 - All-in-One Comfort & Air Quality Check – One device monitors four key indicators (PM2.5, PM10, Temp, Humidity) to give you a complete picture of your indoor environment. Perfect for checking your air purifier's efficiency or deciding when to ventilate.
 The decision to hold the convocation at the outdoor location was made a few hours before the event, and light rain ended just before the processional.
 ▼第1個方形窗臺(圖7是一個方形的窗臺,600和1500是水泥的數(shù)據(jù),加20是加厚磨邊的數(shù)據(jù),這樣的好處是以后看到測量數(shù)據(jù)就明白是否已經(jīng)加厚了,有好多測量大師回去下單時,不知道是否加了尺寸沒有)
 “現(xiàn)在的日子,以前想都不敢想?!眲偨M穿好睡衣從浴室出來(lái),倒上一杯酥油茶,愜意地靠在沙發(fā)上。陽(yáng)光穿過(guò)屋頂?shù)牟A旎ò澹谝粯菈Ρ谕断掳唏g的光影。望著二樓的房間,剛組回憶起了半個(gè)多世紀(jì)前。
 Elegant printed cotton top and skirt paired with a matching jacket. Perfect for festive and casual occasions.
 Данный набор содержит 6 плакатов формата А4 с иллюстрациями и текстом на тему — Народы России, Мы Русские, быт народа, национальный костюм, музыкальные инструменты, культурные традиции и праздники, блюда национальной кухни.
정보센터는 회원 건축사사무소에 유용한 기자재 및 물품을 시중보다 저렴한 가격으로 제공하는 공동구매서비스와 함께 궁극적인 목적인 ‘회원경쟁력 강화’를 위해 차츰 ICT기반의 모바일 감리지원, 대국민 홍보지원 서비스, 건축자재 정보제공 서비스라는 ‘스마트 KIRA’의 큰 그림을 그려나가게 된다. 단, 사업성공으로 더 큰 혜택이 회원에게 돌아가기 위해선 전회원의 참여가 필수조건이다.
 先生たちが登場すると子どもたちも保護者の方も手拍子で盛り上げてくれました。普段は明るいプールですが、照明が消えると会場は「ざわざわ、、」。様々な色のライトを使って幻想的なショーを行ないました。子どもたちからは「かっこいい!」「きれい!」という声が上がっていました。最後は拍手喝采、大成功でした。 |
==
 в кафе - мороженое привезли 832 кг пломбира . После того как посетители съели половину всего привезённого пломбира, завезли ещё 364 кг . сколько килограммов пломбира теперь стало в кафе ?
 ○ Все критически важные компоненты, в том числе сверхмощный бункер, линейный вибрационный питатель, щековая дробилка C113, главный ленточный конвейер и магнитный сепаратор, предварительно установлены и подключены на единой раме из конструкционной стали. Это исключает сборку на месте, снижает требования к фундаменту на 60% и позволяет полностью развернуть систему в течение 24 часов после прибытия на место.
--
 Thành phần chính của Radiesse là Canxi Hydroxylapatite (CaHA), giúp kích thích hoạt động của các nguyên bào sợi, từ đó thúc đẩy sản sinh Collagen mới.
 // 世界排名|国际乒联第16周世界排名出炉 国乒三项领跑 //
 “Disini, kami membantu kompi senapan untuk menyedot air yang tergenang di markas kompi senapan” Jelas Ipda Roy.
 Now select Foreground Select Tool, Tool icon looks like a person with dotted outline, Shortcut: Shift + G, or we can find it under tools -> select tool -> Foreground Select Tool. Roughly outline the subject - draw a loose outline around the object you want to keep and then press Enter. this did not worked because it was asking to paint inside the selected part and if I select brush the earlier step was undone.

● TASK REQUIREMENTS
A complete answer lists each line of the data that holds the word "Perfect".

● REPLY
 - All-in-One Comfort & Air Quality Check – One device monitors four key indicators (PM2.5, PM10, Temp, Humidity) to give you a complete picture of your indoor environment. Perfect for checking your air purifier's efficiency or deciding when to ventilate.
 Elegant printed cotton top and skirt paired with a matching jacket. Perfect for festive and casual occasions.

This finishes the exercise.